La maldad no reside en Dallas, en absoluto. Ni la ciudad tejana se caracteriza por la perversión ni por nada parecido. En la tercera ciudad del Estado de Texas por población imperan la ley, el entendimiento y el afecto. Basta estar al corriente de cómo baptistas y metodistas cooperan entre sí pese a sus diferencias, o saber del cariño profesado al céntrico barrio Pequeño México por la inmensa área metropolitana. El estigma soportado por Dallas carece de justificación. Si las cornadas arriba apuntadas conducen a pensar en una maldad innata de la urbe dallasina, conviene apartarse de esa idea de inmediato concluyendo que ha sido una maldad accidental de esas con que el azar, siempre caprichoso, premia con reiteración sin descubrirnos porqué. O quizás se trate de un papel interpretativo asignado por el teatro de la vida. Siendo así me viene a la cabeza el malvado personaje de Hilly Holbrook desarrollado por Bryce Dallas Howard en la película “Criadas y Señoras”. En el filme, Hilly pisotea la dignidad de su asistenta negra y cuantos son como ella. En la vida, Dallas es enorme en su amor a todo y a todos.
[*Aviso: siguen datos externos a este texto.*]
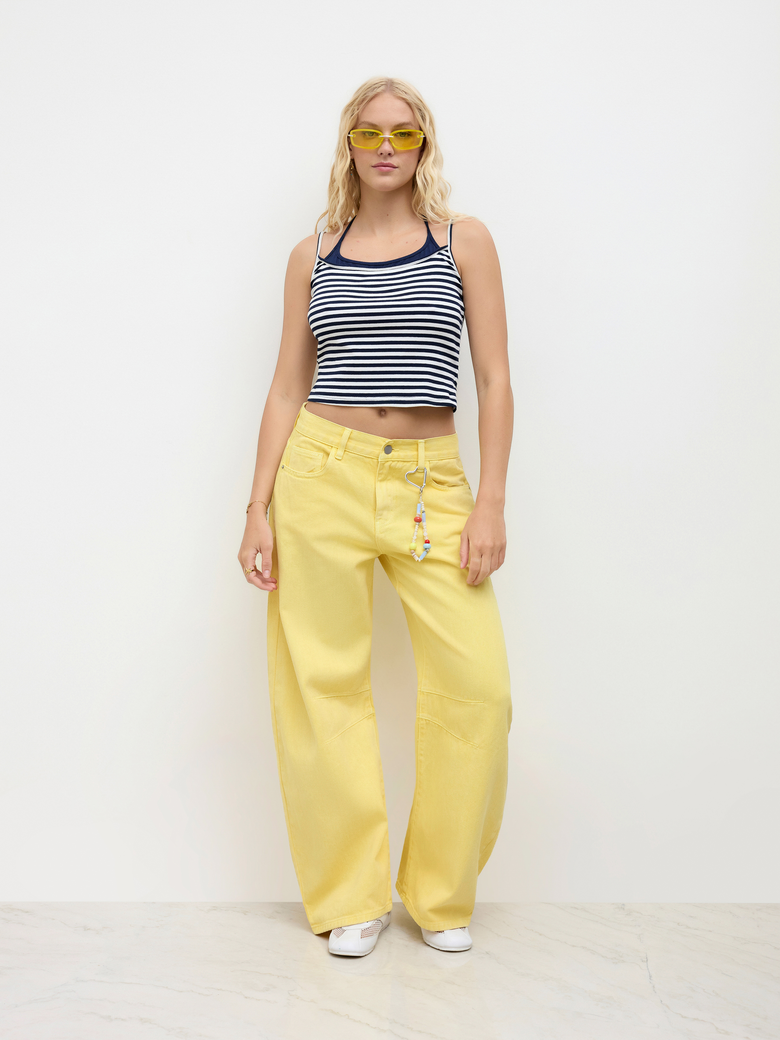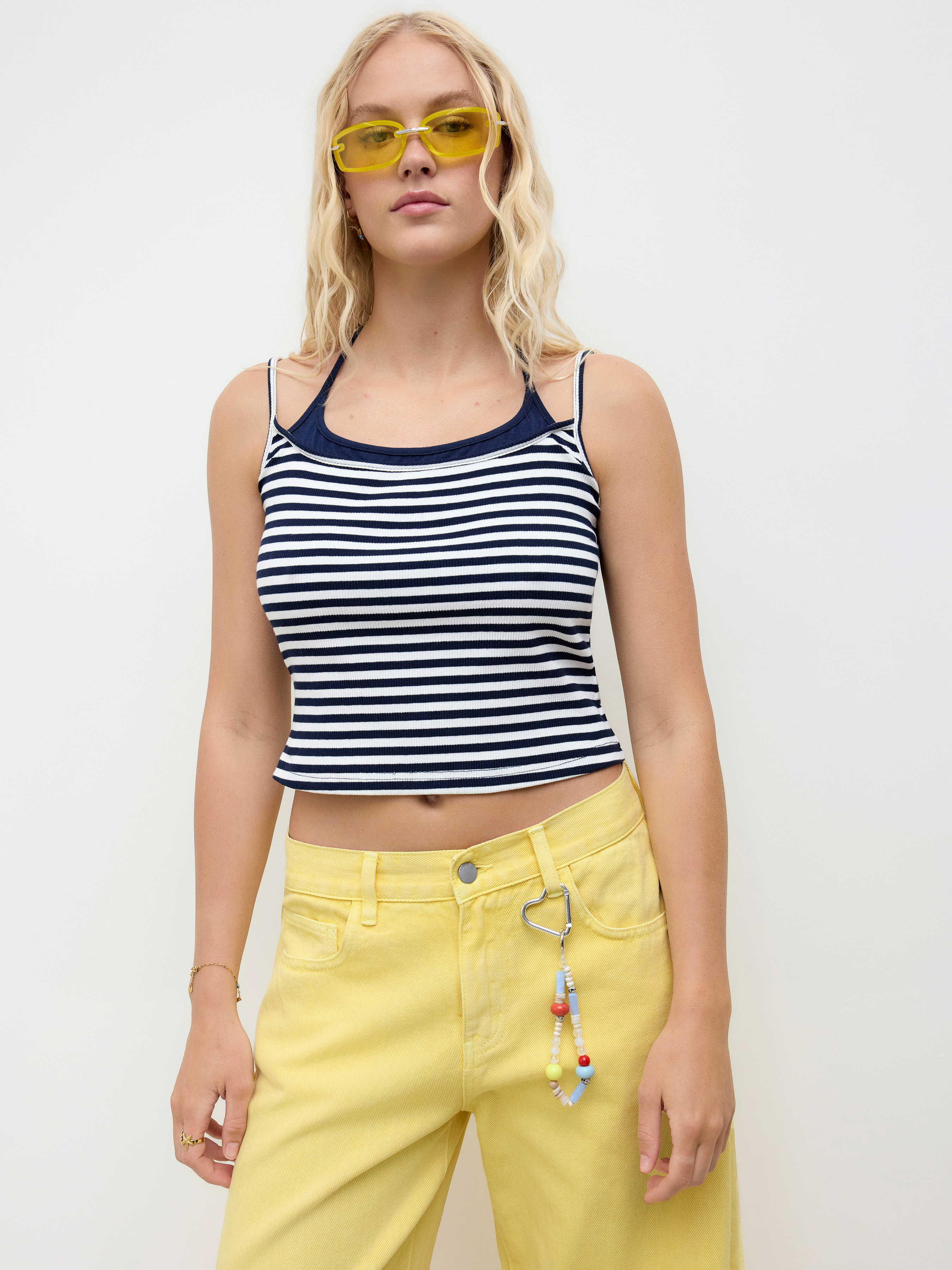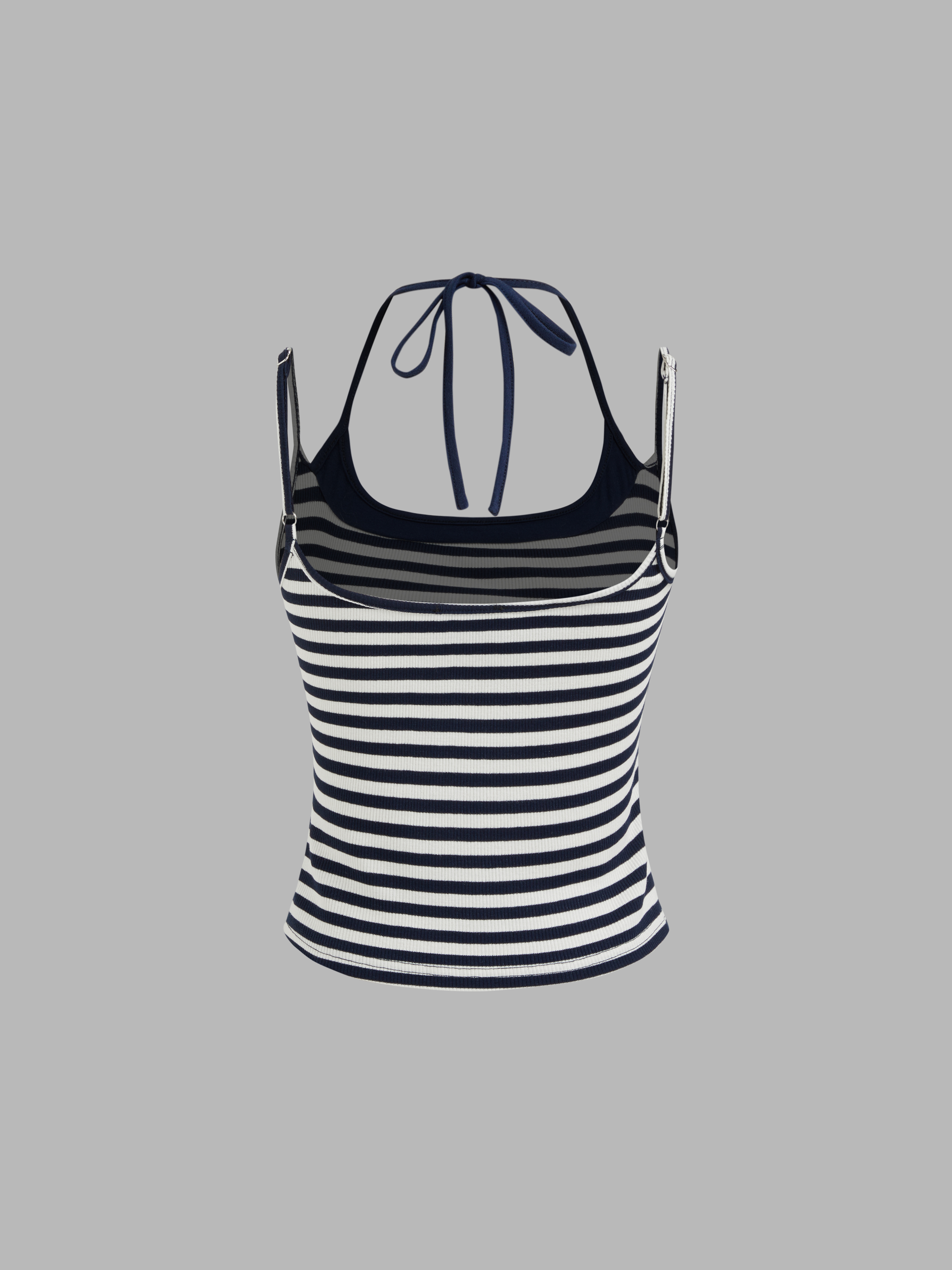 Baumwollmischung Zweifarbiges Halterhals-Streifen-Cami-Top

No quiero terminar estas líneas sin apuntar que las tres embestidas punzantes infligidas al nombre de la ciudad de Dallas presentan un común denominador: el desprecio que el ser humano puede proyectar a todo cuanto hay más allá de su estricto espacio personal, en determinadas circunstancias. En un ejercicio de escudriñamiento, los factores que por descomposición llevan a ese común denominador son la infelicidad y el inconformismo de la persona consigo y con el entorno, la autoatribución de poderes reservados por el Estado a las autoridades, y la trasgresión de las elementales normas de convivencia entre iguales. La ciudad de Dallas no tiene de qué avergonzarse. En cambio, nosotros no podemos decir lo mismo a propósito de algunos de nuestros comportamientos, pensamientos, deseos o cualidades. Esforcémonos por ser mejores.

NOTA: Al poco de terminar este artículo de opinión en el que la metáfora del toro cobra un protagonismo especial, me entero de la muerte del torero Víctor Barrio. D.E.P.